Endowed with her indefatigable virtue, Mgbafor was in no way deterred. In an unprecedented rally at Eke Nibo, thousands of women gave her a standing ovation and endorsed her plans that a maternity centre should be built and that Nibo women will also unilaterally enforce the control of cows and bulls which wander around the town and feeding on agricultural farms, by literally "holding the bulls by the horns" and fining the owners 3 British pounds, an amount which at 1954 prices could buy three modern bicycles and was enough to pay three months' salary of a grade two teacher. Nibo women elected notable ladies of blessed memories such as the late Nwangbafor Agubalu, a renowned traditional midwife from Ezeawulu, the late Mrs. Okeke from Umuanum, the late Mrs. Pricillia Okafor, a renowned bread baker from Ifite and the late Mrs. Chine from Ezeoye to assist Chief Mrs. Selina Nnama in co-coordinating the activities and programs of Nnemuluobodo Society. The Nibo United States group is currently undergoing a project that involves expanding the Maternity Centre and donations are being accepted.

==Festivals==

Nibo has various traditional festivals which include Onwa Asa (New Yam festival), Onwa Asato, Nibo Carnival, an event that focuses on emerging traditions, showcasing local and international talents in music, arts, pageantry, and games. The carnival which began in 2016, runs from the 23rd of December to the 25th of December. And Ezeike Day, formerly called Nibo Day, follows the carnival. Ezeike Day is usually presided over by the Ezeike-in-council. It is a very important day usually held on December 26 every year. It is a day for recognition of prominent members and friends of the town who contribute to the development of the town.

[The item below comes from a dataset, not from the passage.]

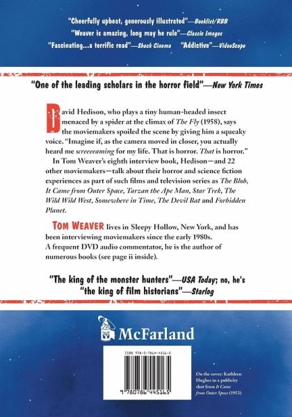 David Hedison, who plays a tiny human-headed insect menaced by a spider at the climax of The Fly (1958), says the moviemakers spoiled the scene by giving him a squeaky voice. "Imagine if, as the camera moved in closer, you actually heard me screeeeaming for my life. That is horror. That is horror." In Tom Weaver's eighth interview book, Hedison--and 22 other moviemakers--talk about their horror and science fiction movie experiences as part of such films and TV series as The Blob, It Came from Outer Space, Tarzan the Ape Man, Star Trek, The Wild Wild West, Somewhere in Time, The Devil Bat and Forbidden Planet. Among those interviewed are Dan O'Herlihy, Kate Phillips, John Alvin, Anthony Cardoza, Tod Griffin, Alex and Richard Gordon, Suzanne Kaaren, and Warren Stevens. Full credits are provided for the actors, actresses, and producers.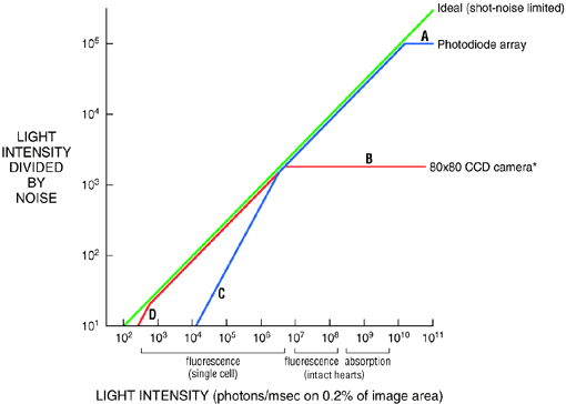 Dark noise will degrade the signal-to-noise ratio at low light levels. Because the CardioCCD is a cooled CCD camera, its dark noise is much lower than that of the CardioPDA. The excess dark noise in CardioPDA accounts for the fact that segment C (for CardioPDA) in the Figure is substantially to the right of segment D (for the CardioCCD). The dark noise of the CardioCCD is lower than other commercially available CCD's in its performance range.

==Northcote Thomas, the British colonial archaeologist and the Re-Entanglements Project==

Photographs of Nibo's ruler, and Warrant Chief in 1911 Nnama, his kinsmen in Umuanum and Nibo (Afo Ngene Shrine, Obunagu and others) from 1911, taken by the British colonial archaeologist have surfaced. The photographs were taken by the British colonial anthropologist Northcote Thomas during the second tour of Southern Nigeria (1910–11). The remarkable archives of these anthropological surveys are the subject of a three-year project that Professor Paul Basu (University of London) is running.
The negatives of the photographs are held by the Royal Anthropological Institute and prints are indeed in the collections of the University of Cambridge Museum of Archaeology and Anthropology.
These photographs numbering almost 300, portray Nibo in a never been seen manner, showcasing its historical importance.